Methanation of CO2: Further insight into the mechanism over Rh/γ-Al2O3 catalyst
The methanation of CO2 was performed on Rh/γ-Al2O3 catalyst at temperatures between 50 and 150 °C at 2 bar of pressure in a pulse reactor. Experiments confirm the formation of methane at low temperature and pressure. The formation of formiate species during the adsorption of CO2 can be excluded. After reaction with CO2, the catalyst is oxidized. Oxidation is not observed in the presence of CO. The CO2 is adsorbed dissociatively, forming CO (ads) and O (ads). Gem-dicarbonyl Rh(CO)2 species are more reactive than the Rh–CO linear species. The type of adsorbed species depends on the Rh oxidation state. The formation of methane by hydrogenation of CO2 and CO is carried out with 100% selectivity. The activation energy for the hydrogenation of CO2 and CO is lower than values presented in the literature which have been obtained at higher temperature. In the presence of CO2 and CO, the reaction of methanation of CO2 seems to be inhibited by CO. When oxygen is added in low amount in the reactant gas feed, a positive effect on methanation is observed. When the amount of oxygen is too high, oxygen has a negative effect. These results are in agreement with thermodynamics equilibrium calculations, except when O2 is present, confirming the importance of kinetic effects in the reaction. These results open new perspectives of application of catalysis, in order to recycle CO2 in the presence of H2.

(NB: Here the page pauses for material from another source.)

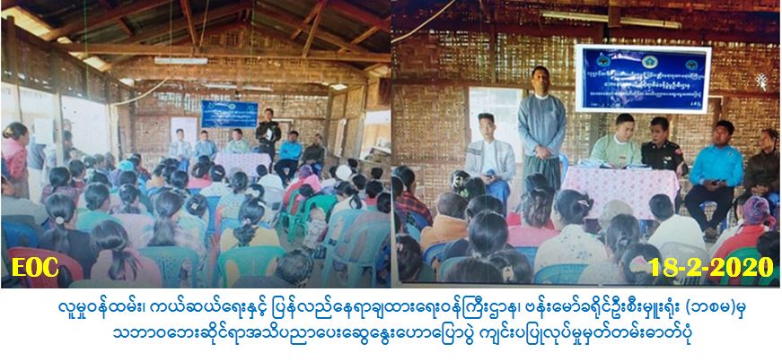 လူမှုဝန်ထမ်း၊ ကယ်ဆယ်ရေးနှင့်ပြန်လည်နေရာချထားရေးဝန်ကြီးဌာန၊ ဘေးအန္တရာယ်ဆိုင်ရာစီမံ ခန့်ခွဲမှုဦးစီးဌာန၊ ဗန်းမော်ခရိုင်ဦးစီးမှူးရုံးမှ တာဝန်ရှိသူများသည်(၁၈-၂-၂၀၂၀)ရက်နေ့၊ (၁၅:၅၀) နာရီအချိန်မှ (၁၆:၅၅) နာရီအချိန်ထိ မံစီမြို့နယ်၊ မိုင်းခေါင်ကျေးရွား၊ (RC) စစ်ရှောင်စခန်းနှင့် (KBC) စစ်ရှောင်စခန်းများတွင် ငလျင်ဘေး၊ မိုးကြိုးဘေး၊ မီးဘေး၊ မုန်တိုင်းဘေး၊ ရေဘေးနှင့် မြေပြိုဘေး ဆိုင်ရာ အသိပညာပေးဆွေနွေးဟောပြောပွဲပြုလုပ်ခဲ့ရာ မံစီမြို့နယ်၊ မိုင်းခေါင်ကျေးရွာ၊ (RC)စစ် ရှောင်စခန်းနှင့် (KBC)စစ်ရှောင်စခန်း အတွင်းနေထိုင်သူ စုစုပေါင်း (၉၀)ဦးခန့် တက်ရောက်ခဲ့ပြီး သဘာဝဘေးအန္တရာယ်နှင့်ပတ်သက်သော အသိပညာပေးလက်ကမ်းစာစောင်များ ဖြန့်ဝေပေးခဲ့ပါ ကြောင်း သတင်းရရှိပါသည်။

Graphical abstract.Figure optionsDownload full-size imageDownload as PowerPoint slideHighlights► CH4 is formed at low temperature by hydrogenation of CO2 on Rh/γ-Al2O3 catalyst. ► O2 in gas feed improves the CH4 production as long as O2 concentration is small. ► CO2 and O2 oxidize Rh particles whereas CO reduces them. ► Nature and reactivity of the dissociated species depend on the Rh oxidation state.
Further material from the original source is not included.